Suppressing photoinduced charge recombination at the BiVO4∥NiOOH junction by sandwiching an oxygen vacancy layer for efficient photoelectrochemical water oxidation

Nickel oxyhydroxide (NiOOH) is regarded as one of the promising cocatalysts to enhance the catalytic performance of photoanodes but suffers from serious interfacial charge-carrier recombination at the photoanode parallel to NiOOH interface. In this work, surface-engineered BiVO4 photoanodes are fabricated by sandwiching an oxygen vacancy (O-vac) interlayer between BiVO4 and NiOOH. The surface O-vac interlayer is introduced on BiVO4 by a chemical reduction treatment using a mild reducing agent, sodium hypophosphite. The induced O-vac can alleviate the interfacial charge-carrier recombination at the BiVO4 parallel to NiOOH junction, resulting in efficient charge separation and transfer efficiencies, while an outer NiOOH layer is coated to prevent the O-vac layer from degradation.
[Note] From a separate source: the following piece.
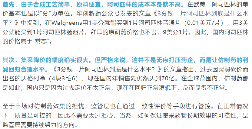 或許是因為外界爭議太大,“中國醫(yī)療保險”為此還專門發(fā)了一篇文章:《3分錢1片阿司匹林,有什么好奇怪的?》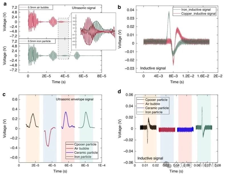 綜上所述,這項研究提出了一種集成超聲單元和電磁感應(yīng)單元的傳感方法,用于實時檢測管道內(nèi)的各種污染物和流速。超聲波單元包括一個通過微機械技術(shù)制備的柔性換能器貼片,不僅便于安裝,還能聚焦聲場。此外,電磁傳感單元包含三個對稱分布的電磁線圈。通過對超聲波和電磁感應(yīng)信號的綜合分析,該方法可以有效地區(qū)分磁性金屬(如鐵)、非磁性金屬(如銅)、非金屬顆粒(如陶瓷)和氣泡。這種全面的分類幾乎涵蓋了管道中可能存在的所有污染物類型。此外,通過超聲多普勒頻移可以確定流體速度。通過數(shù)學模型和有限元仿真驗證了所提出的檢測原理的有效性。在直徑14 mm的管道內(nèi),研究人員對各種不同速度的污染物進行了系統(tǒng)地測試。實驗結(jié)果表明,該傳感器能夠有效檢測0.5 ~ 3 mm范圍內(nèi)的污染物,準確區(qū)分污染物類型,并測量其流速。這項研究的影響可以擴展到工業(yè)、航空航天和臨床醫(yī)學等多個領(lǐng)域,因此具有更廣泛及深遠的意義。

As a result, the as-prepared NiOOH-P-BiVO4 photoanode exhibits a high photocurrent density of 3.2 mA cm(-2) at 1.23 V vs. RHE under the irradiation of 100 mW/cm(2) AM 1.5G simulated sunlight, in comparison to those of bare BiVO4, P-BiVO4, and NiOOH-BiVO4 photoanodes (1.1, 2.1 and 2.3 mA cm(-2), respectively). In addition to the superior photoactivity, the 5-h amperometric measurements illustrate improved stability of the surface-engineered NiOOH-P-BiVO4 photoanode. Our work showcases the feasibility of combining cocatalysts with O-vac, for improved photoactivity and stability of photoelectrodes. (C) 2021 Elsevier Inc. All rights reserved.

Automated summary

Introducing an oxygen vacancy interlayer between BiVO4 and NiOOH can enhance the photocurrent density and stability of the photoanode.